Finally, the descriptive data can be filtered via a filter property. That is, in this example only those cells are used in the query, which are in the selected cell cycle stage.

_images/descriptive_filters.png

Filtering by annotation

The queried group objects can be filtered by their annotations. For example, only genes with a certain hit type associated are shown:

_images/filter.png

Group selection

Finally, we can select what group objects what we want to show on the plot. For descriptive level scatterplots, it is done by selection the object of interest from a list:

_images/cellwise_geneselect.png

For group level scatterplots, the selection can be done by selecting objects from a selection menu:

_images/gene_checklist.png

The search box on the top of the menu enables quick lookup of the objects included in the screen:

_images/gene_checklist_filter.png

As an alternative, one could use the free text input by clicking the “Enter a list of genes” link below the selection box.

_images/gene_freetext.png

The entered gene names will be validated and the ones included in the screen will be selected. Once every option is selected, the submit button needs to be clicked. If you want to start over, click the Reset button which will turn every option to be their default settings.

_images/buttons.png

Scatterplots

A scatter plot shows two variables against each other in a 2D coordinate system. In a Mineotaur instance, there are two kinds of scatterplots: group level and descriptive level scatterplots. The query plot for a group level scatterplot looks like this:

_images/scatterplot_header.png

Using the scatterplot

Once you hit the submit button, the query is sent to the server and if there was data returned, a plot like this is displayed:

_images/scatterplot.png

Coloring

The coloring of the data point are based on the colors associated to each annotation (hit) type, which can be seen in the top right corner of the plot:

_images/legend.png

The nodes are also transparent, which enables the visual representation of multiple annotations (for which the coloring is the addition of the colors) as well as showing distribution of the data points.

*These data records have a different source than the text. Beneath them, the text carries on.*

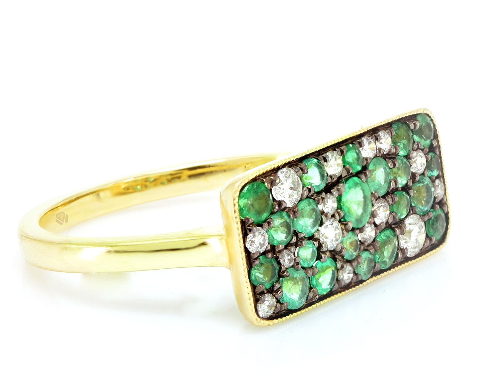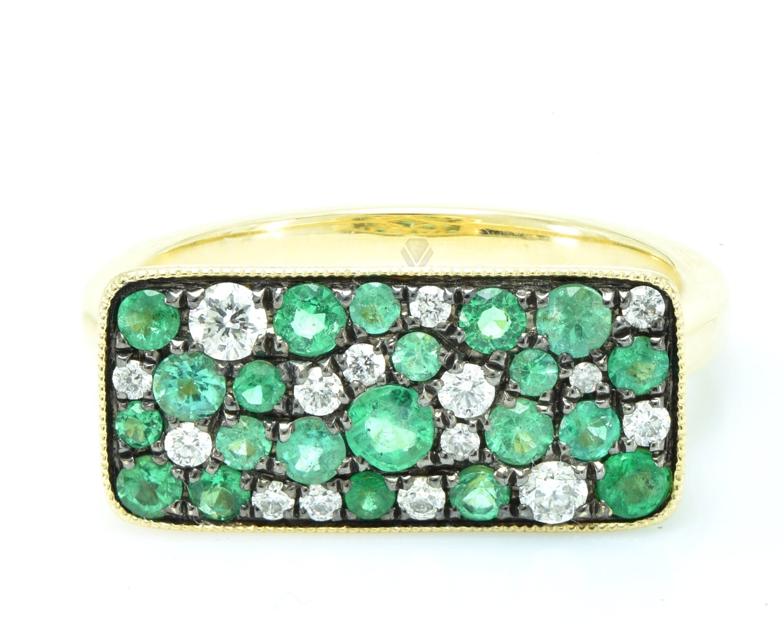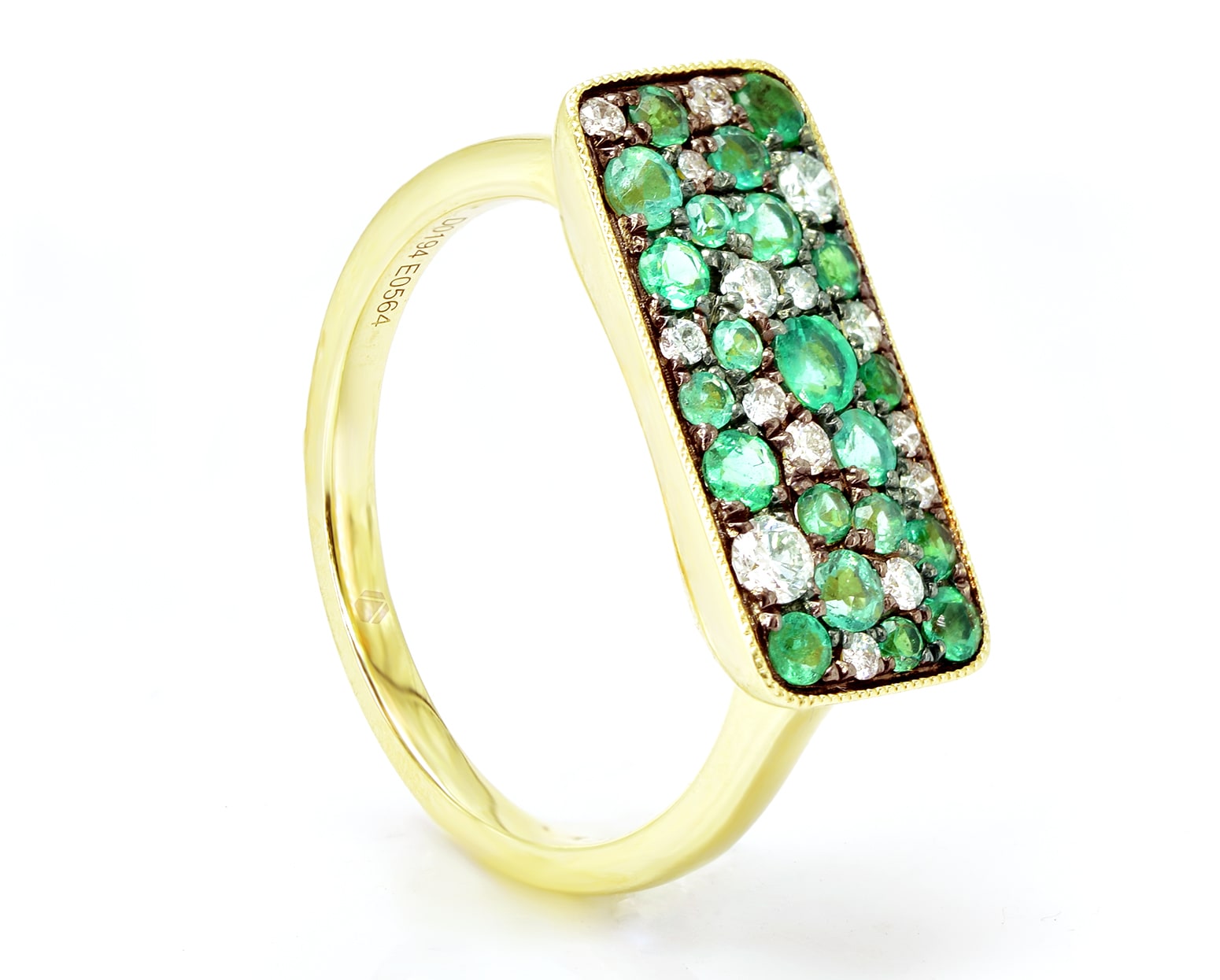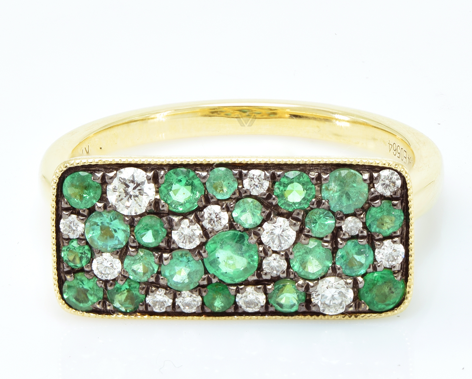 Oro Amarillo 14k con 21 Esmeraldas corte brillante que suman 56 pt y 15 Diamantes corte brillante que suman 2 pt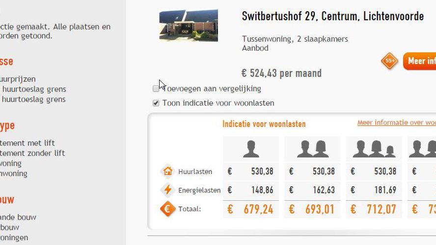De woonlastenindicatie wordt niet alleen bij de details van een woning getoond, maar ook direct in de lijstweergave. Hierdoor krijgt de woningzoekende direct een compleet beeld van de betaalbaarheid van de woning.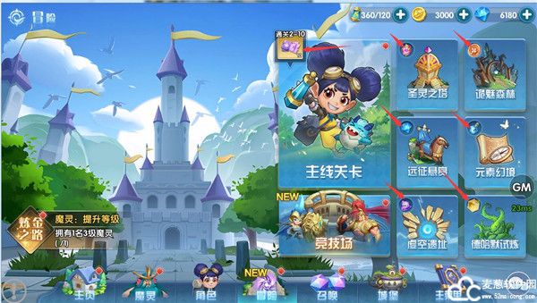 2、第二天随着主线推进战力要求的增加,开始以提升魔灵,获得魔灵为主。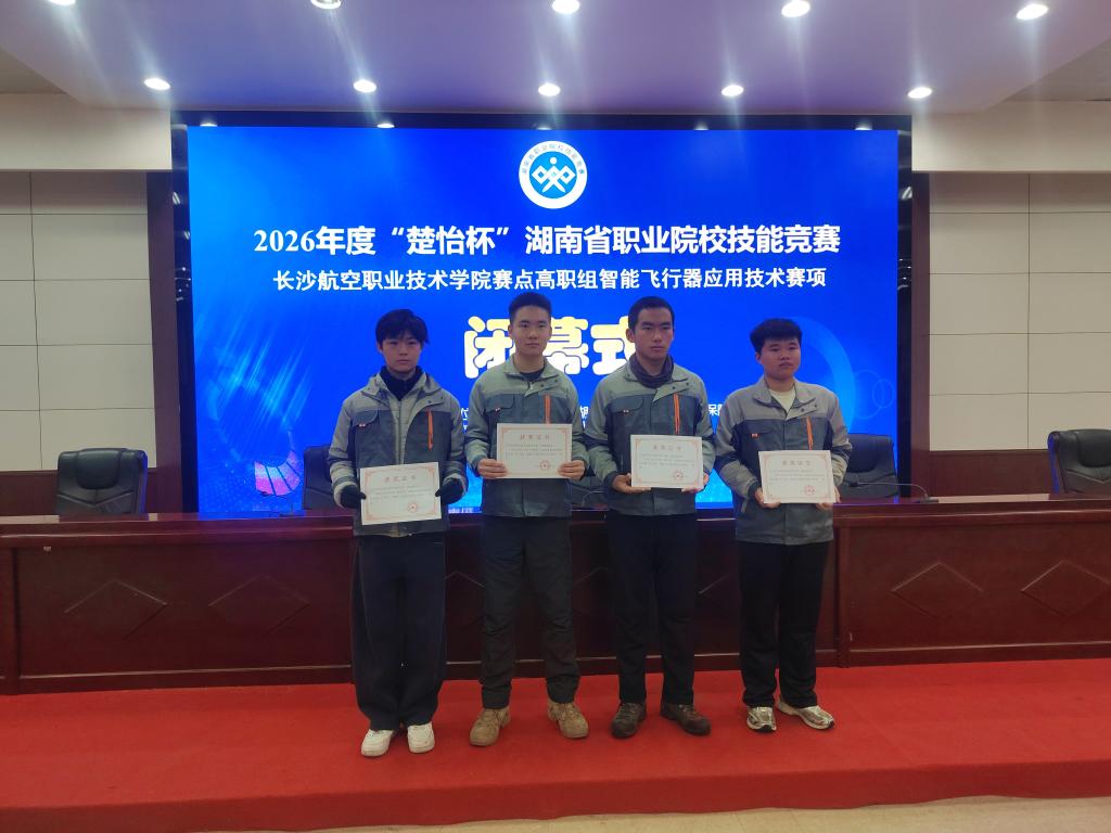2月6日至7日,2026年度“楚怡杯”湖南省职业院校技能竞赛“智能飞行器应用技术”赛项在我院成功举办。本次比赛共有来自全省29所职业院校的53支队伍、106名选手参与角逐。我院选派的两支代表队凭借扎实的专业功底与出色的临场发挥,在激烈竞争中脱颖而出,双双荣获一等奖,充分展现了我院在该领域的综合实力与人才培养水平。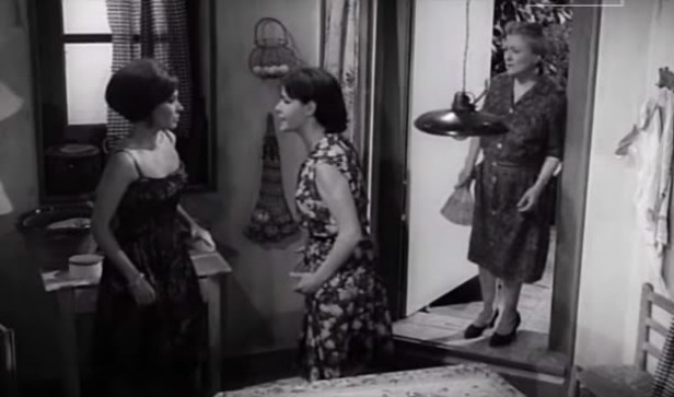 In El Mundo sigue, the absence of those supportive, collective structures for the working-class family is to some extent countered by the presence of the playwright turned theatre critic. Here is a family friend, a writer whose play has only been seen a few times in the neighbourhood and was then barred from opening in ‘town’. Now he writes theatre reviews and at one point is warned not to be too critical of the plays he reviews. He comes to visit the apartment a few times and tries to give advice to the daughters. He is trusted by the mother because he is from the community – whereas the men Luisita takes up with have made their money through conforming to the Francoist regime’s policies.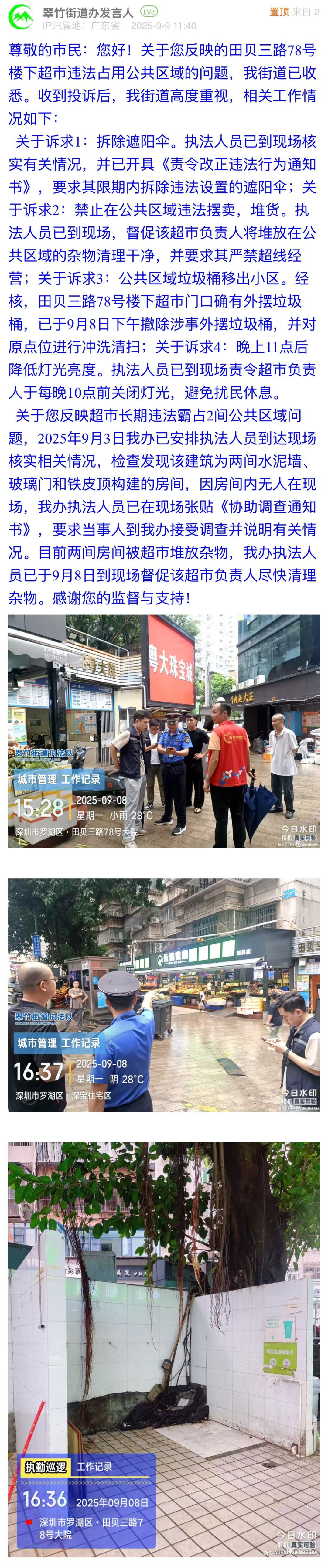 案例點(diǎn)評(píng):本案例中,翠竹街道辦立足市民訴求,對(duì)違規(guī)搭建遮陽(yáng)傘、占用公共區(qū)域、違規(guī)堆放垃圾、店面燈牌亮度過(guò)高這四個(gè)問(wèn)題,街道均做到快速響應(yīng),并以圖片展示治理效果。回應(yīng)既體現(xiàn)了基層執(zhí)法的規(guī)范性與時(shí)效性,又展現(xiàn)了對(duì)民生細(xì)節(jié)的關(guān)注力,踐行了“小事不小辦、事事有回音”的理念,為同類民生訴求的解決提供了可借鑒范式。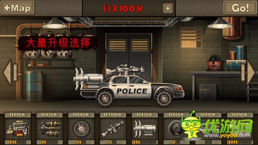 為僵尸打造一部殺戮機(jī)器:解鎖并升級(jí) 10 種不同的車輛,包括跑車、消防車,甚至是冰淇淋販?zhǔn)圮?。每種車輛都可以裝備各種升級(jí)項(xiàng)目,比如裝甲外框、車頂機(jī)槍、增壓器等等。不要給僵尸們?nèi)魏螜C(jī)會(huì)。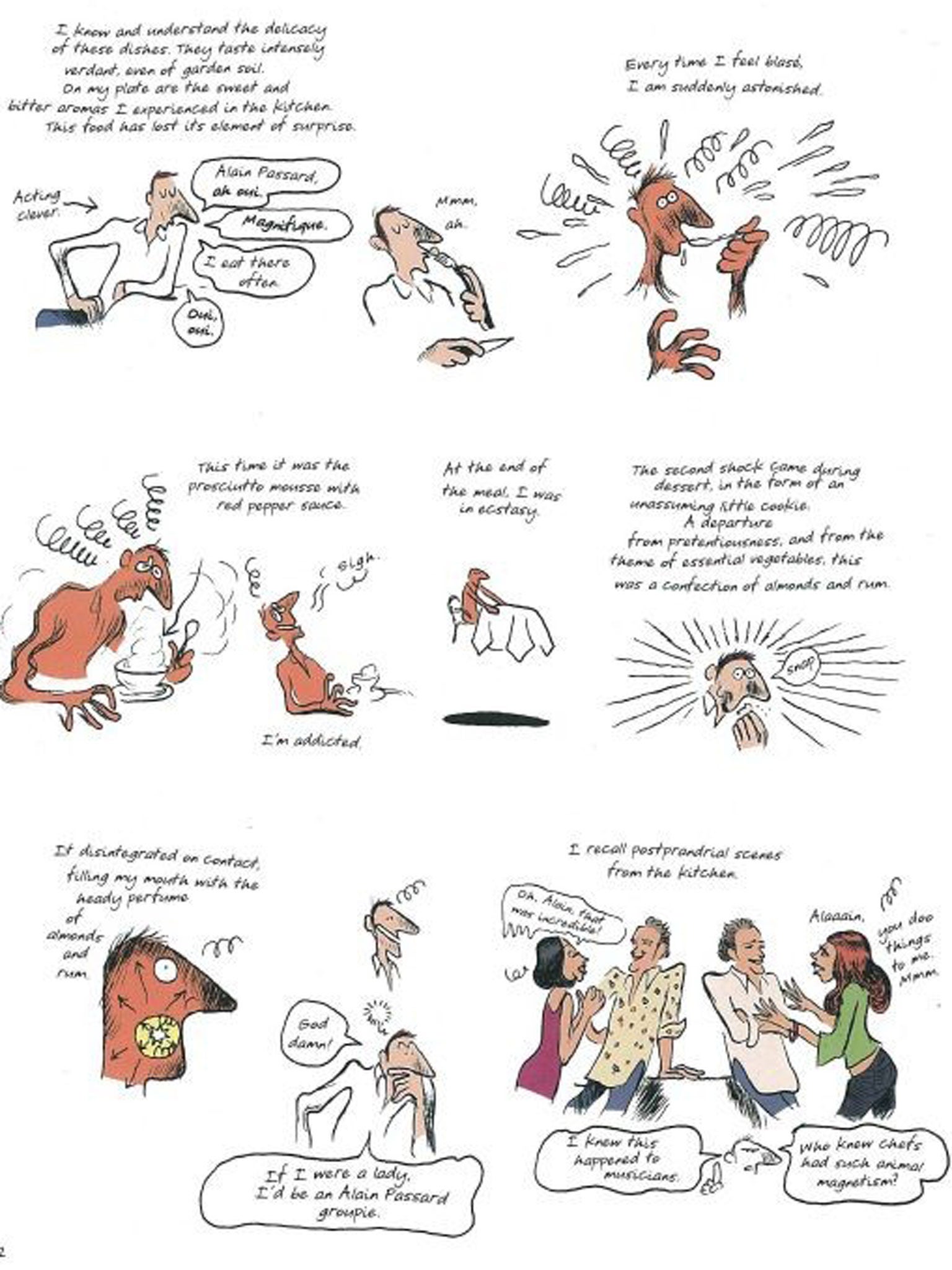 Blain said that initially it was Passard's idea to have an illustrator work with him on a book, as he thought it might help explain the process of putting together his recipes. But this developed into a series of cartoons, depicting the workings the chefs and vignettes from all aspects of restaurant life.

Exploring invidiual data points

Name and values

To see the name of the underlying data point and the respective values for the queried variables, hover the mouse over the data point.

_images/scatterplot_hover.png
External resource

(Optional) Left clicking on the data points will open an external link associated to the object, e.g. the raw images used for analysis. This option only works if the external resource is provided during the instance generation.

Subqueries

By invoking the context menu (e.g. right-click in Windows or CMD+click in OSX) a subquery for the selected node can be created. That is, we can see the distribution of one of the queried variables or a descriptive scatterplot.

_images/context_menu.png

To go back to the original scatterplot, use the browser’s back button.

Plot tools

Plot tools contain several to transform or analyze plots

_images/plot_tools.png

Logarithm

Clicking on the Logarithm checkbox transform the axes of the plot to logarithmic scale.

_images/logarithm.png

To go back to the original scale, untick the checkbox.

Transpose

Clicking on the Logarithm checkbox swaps the X-axis and the Y-axis.

_images/transpose.png

To go back to the original scale, untick the checkbox.

Regression

Clicking on the Regression checkbox fits a regression line on the data shown in the current plot. The type of the regression line can be selected from the selection box next to the checkbox.

_images/regression.png

To see the correlation coefficient of the regression line, hover the mouse over the line:

_images/regression_hover.png

To remove the regression line, untick the checkbox.

Select area

To analyze a specific area of the plot, use the Select area tool. Checking the box transforms the cursor to an area selection tool, what you can use to draw a rectangle around the area to be selected:

_images/select_area.png

If you are satisfied with the selection, hover over the are and click on the Analyze button:

_images/select_area_analyze.png

Then, a plot showing the data points from the selected are is shown. To go back to the previous plot, use the browsers Back button.

Visual filtering of nodes

Since scatterplots can be overcrowded, it is might be hardd to find individual objects on a plot. For example, genes of interest can be highlighted on a plot by selecting them from the provided list and clicking on the Filter link.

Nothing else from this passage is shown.